I stood up prepared to go dump my head in water so I could feel alive. As soon as I stood up I got a call that almost made me fall back to the spot I was in with the sudden sound of my phone ringing. Just to preference this before you all think i am some scaredy cat , it was the middle of the night and i was not at my best so i was allowed to be totally dysfunctional.

I looked at my phone and once again it was an unknown number,

"have a good sleep?"Jay said.

I could not tell what was everyone's obsession with the unknown number situation. Especially of they would just answer the call with their normal voice.Maybe it was just mysterious to get an unknown number all i knew was that it was unnecessary mental energy just to guess who was calling me.

"I would assume you were kind enough to wait for me to sleep before calling me, what now you want to give me a death sentence and carry out a public execution on a tall old tower in the middle of city square."

"i am going to ignore that sarcasm of yours, we have some news to give you Cyrus."

"Good or bad? wait don't even answer that all the news that i have been given by you guys have been bad either way."

"It is bad news and if you do not reduce that attitude of yours i will have to think twice about telling you this information."

"okay okay I'm sorry, what is it?"

"miranda's dead."

"Huh?"

"Her body has been recovered from the battlefields of Gendwall, she was burnt pretty bad , and she was also losing large amounts of blood."

"i am confused." i said surprised.

I knew we both thought about the situation in two different ways since i knew Miranda was not anywhere near Gendwall. My true question was who the hell was that person that Jay was talking about?

"I knew it is hard to process Cyrus but that is the situation right now."

"Can I see the body?"

"you don't believe she is dead?"

"I haven't said that but yes I know Miranda she is stronger and smarter than that to just die like that.

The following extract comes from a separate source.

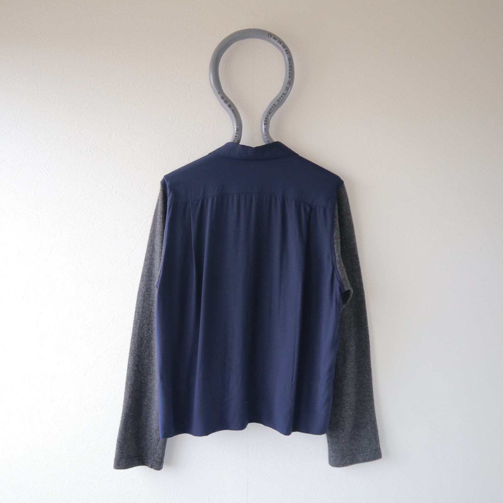 レーヨンとニットという、シャレ感たっぷりな素材での切り替えですが、色味がどこかいなたく真面目で、いいバランス感です

Can I see the body?"

"as much as this is a sensitive matter you know very well that you will not be allowed to be near her."

"then why are you using your time to tell me about it?"

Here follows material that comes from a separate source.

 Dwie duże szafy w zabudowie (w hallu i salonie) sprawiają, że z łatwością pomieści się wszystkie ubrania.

"Because I know you of all people deserve to know considering that you are the only who knew she was alive in the first place."

that was oddly suspicious. I knew as much as jay could sweet talk her way into doing things in a more humane manner, The Executive would not care about how i would feel. To them Miranda was a pawn being used by them to enhance the forces there that was all she was to be used as. They told me to forget about her years ago so that would not even bother telling Jay.Something was definitely amiss, starting with the aspect that they found a body who they say is Miranda.Either it was someone in disguise as Miranda to throw them off or they were lying to me to see my reaction. Now i could feel at numerous eyes looking at me waiting to see what i would say.

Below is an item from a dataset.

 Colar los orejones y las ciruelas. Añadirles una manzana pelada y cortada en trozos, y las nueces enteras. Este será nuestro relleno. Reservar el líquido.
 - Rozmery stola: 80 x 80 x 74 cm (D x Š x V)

I had to main options once was to be stubborn and continue claiming that i do not believe them but that would make them believe that I know more than i should. The other option was to agree with what Jay was saying which would also be suspicious since they knew i would fight for what i thought.Jay could also switch up things and make it an interrogation that would betray me if i am asked something that i could not get out of answering.

I looked down at my phone and sighed. It was difficult to think of what to say. the two options did not seem to be in my favour at all. looking down I thought about how much i hated overthinking about everything in my life, I was extremely tired with that aspect of my life. Despite my dreams the would never be a single had to reach out to help me.I had to help myself.

Glenn always said the real answers always lyed in the simplest solutions. I looked at my phone and hang up and went back to sleep.I was not in the mood to deal with anything especially being locked up in my own house. It just did not make sense at all. i did not have to deal with all that if i never wanted to. I already played along with all The Executive's orders and all that gave me was anxiety and depression. As long as the real Miranda was alive I no longer wanted to play to the tune of their beat, because i did not have to.